The share price of chip maker Intel fell 3% during the extended trading session on Tuesday last week, even after reporting fiscal 2016 third-quarter earnings that beat analysts’ estimates.
Surprisingly, the seemingly successful transformation of the company to cloud computing related business did not assist in mitigating the bearish view of the stock. Apart from the disappointing fiscal 2016 fourth-quarter outlook issued by the company, there are a few more reasons for the weakness in the share price. The shares of the semiconductor manufacturer closed at $35.15 on Friday.
The Mountain View, California-based company reported fiscal 2016 third-quarter revenue of $15.8 billion, compared to $14.5 billion in the similar quarter last year. The third-quarter revenue topped the Wall Street estimates of $15.58 billion.
Intel
For the quarter ended September 2016, the 2 in 1 & Ultrabook manufacturer posted net income of $3.4 billion, up 9% from $3.1 billion in the 3Q 2015. On a per share basis, the IoT (Internet of Things) Gateway Technology provider recorded 3Q earnings of $0.69 per share, compared to $0.64 in the prior year’s similar quarter.
Excluding charges, the third-quarter 2016 non-GAAP income of $3.9 billion or $0.80 per share was higher than the non-GAAP income of $3.2 billion or $0.66 per share in the similar period of 2015, and better than the Zacks estimates of $0.73 per share.

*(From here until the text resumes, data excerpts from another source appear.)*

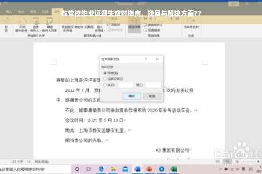 摘要:关于省党校毕业证遗失的问题,首先需保持冷静,及时采取行动。可通过联系原毕业学校或党校的教务部门,咨询毕业证遗失的补办流程。同时准备好相关身份证明和学籍资料以便快速找回。如无法直接补办原件,可尝试申请相关证明或记录,证明学历的真实性。预防再次遗失,建议备份毕业证照片或电子档。遇到此类情况,正确应对是关键。
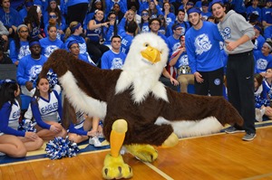 A one line shout out to be displayed for all games during a single day in the Paul VI gym. Display will be on half of the 96" x 27" LCD screen at the scoring table.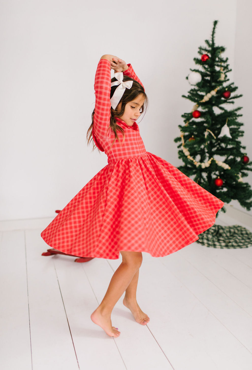 The Rubina Twirl features a sweet and simple silhouette with a wrap-around collar and a charming scoop back. The lined bodice offers extra comfort and coverage, while hidden inseam pockets add practicality. The full circle skirt delivers the perfect twirl for endless play and fun!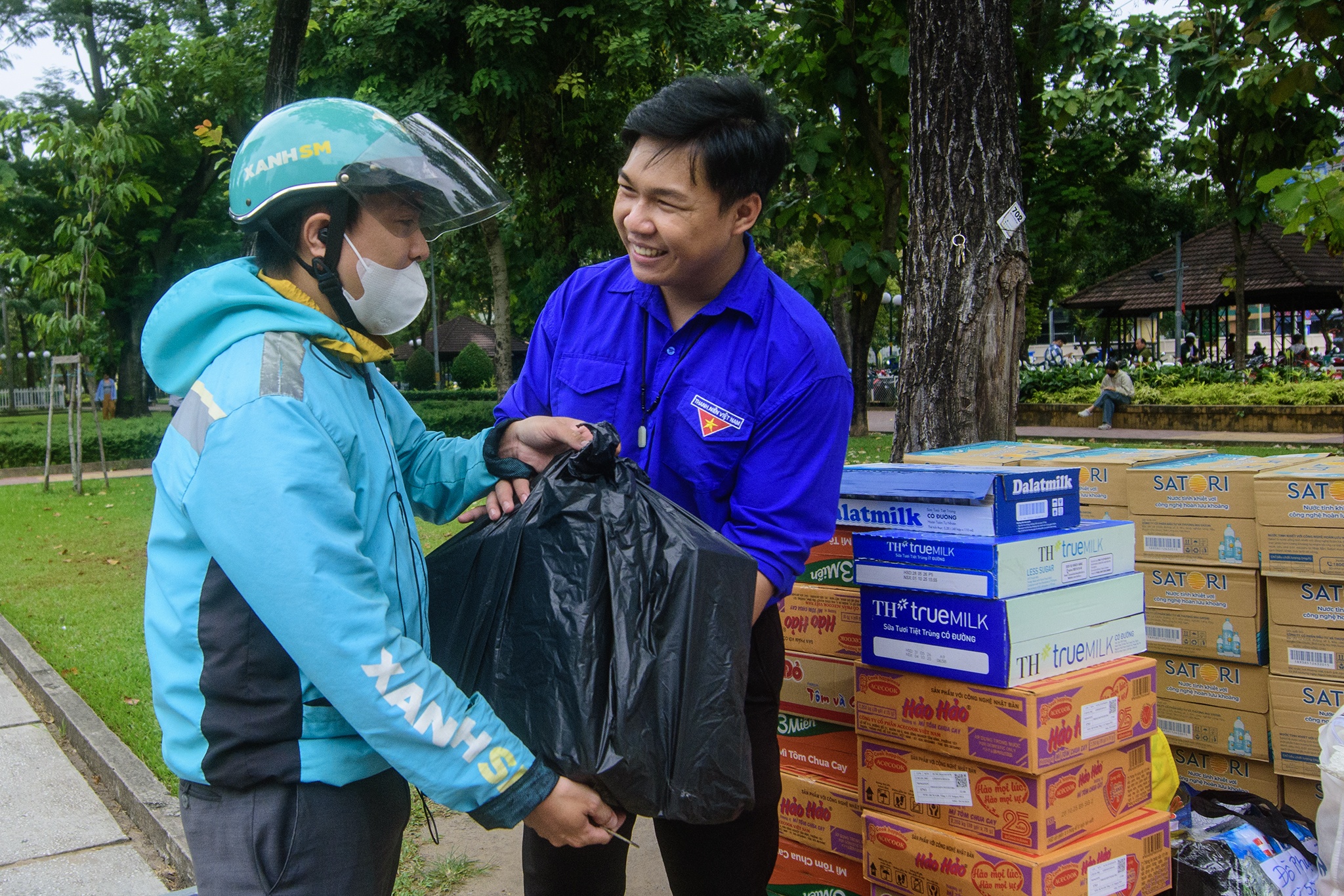 Một số người dân vừa mang thêm các túi đồ đến, nhanh chóng chuyển cho tình nguyện viên rồi rời đi để nhường chỗ cho lượt tiếp theo. Theo ghi nhận, lượng hàng vẫn tiếp tục tăng khi người dân đổ về từ nhiều khu vực lân cận.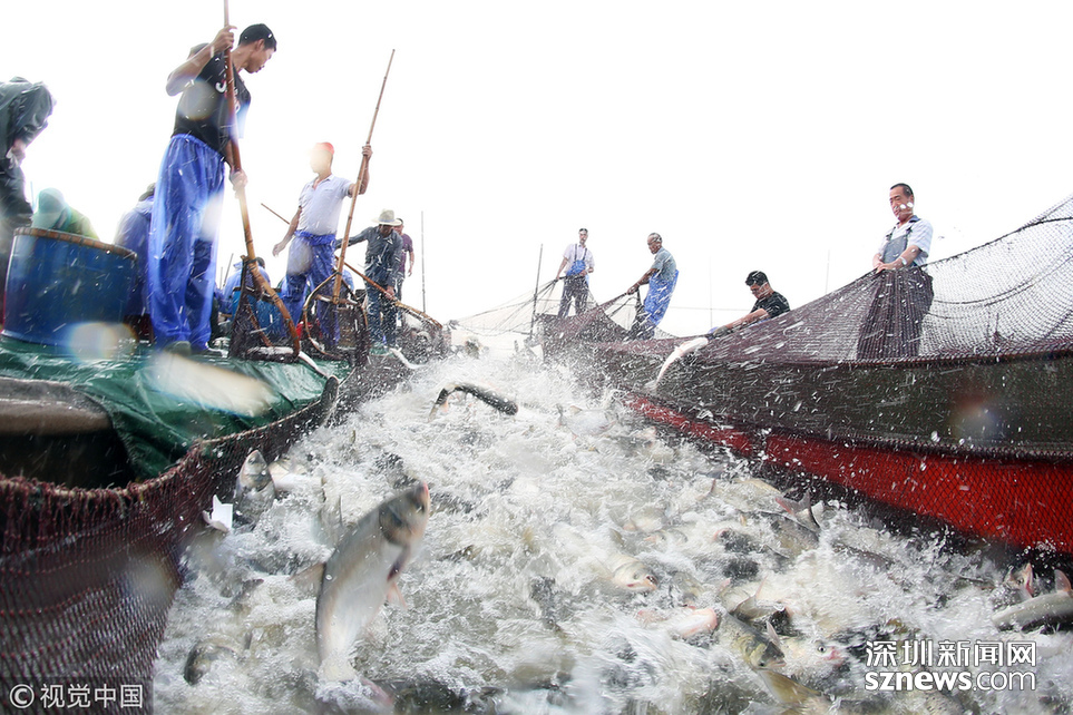 ??? 2018年6月26日,江蘇省常州市嘉澤鎮(zhèn)捕撈村的漁民組織夏季捕撈,一網(wǎng)魚達(dá)五萬余斤,以鰱魚為主,供應(yīng)市場需求。夏捕的魚價較平時有所上漲,漁民粗略估計可增收上萬余元。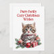 Freuen Sie sich auf die wunderschöne Weihnachtskarte mit einem niedlichen Kätzchen, das zwischen festlichen Dekorationen wie Heiligenbäumen, Efeu, Nadelkronen und hellen Bauern eingebettet ist. Die Vorderseite der Karte begrüßt Sie mit der herzlichen Botschaft "Purr-cosy Christmas wünscht," während das Gegenteil ein nachdenkliches Gefühl von Wärme und Freude für die Saison liefert. Egal ob für Familie, Freunde oder Kollegen, diese Karte bringt mit ihrem gemütlichen, festlichen Design und dem süßen Kätzchen ein Lächeln. Ideal für alle, die Katzen und die Magie der Weihnachtszeit Lieben. Der gesamte Text auf dieser Karte ist personalisierbar.

We forecast a downtrend in the stock due to two reasons. The first reason is the soft revenue guidance issued by the Intel’s management. For the fourth-quarter, the company anticipates revenue of $15.70 billion, which is lower than the FactSet estimate of $15.87 billion. Intel’s executive Vice-president Stacy Smith clarified that the primary reason for the lower guidance is the start-up costs for manufacturing the next generation processor.
Secondly, the company has so far taken $1.8 billion as restructuring charges. In the current quarter, Intel anticipates to write-down another $250 million. Intel also stated that the consumer segment still remains weak, even though it has shown signs of improvement.
Based on the discussed reasons, we anticipate the stock to remain range bound with negative bias.
At the outset, the price chart seems to indicate a consolidation in the stock price. However, the Chaikin money flow indicator reflects a different story. Since mid-August, the inflow of funds into the stock is on a decline. This means that the investors are not interested in buying at these valuations. So, we expect the stock to remain range bound with negative bias in the short-term.
A one touch put option can be bought to speculate on the probable decline in the share price of Intel. With an expiry period in the third-week of November, and strike price of $33 or higher, the binary trader will have higher chances of winning the put option trade.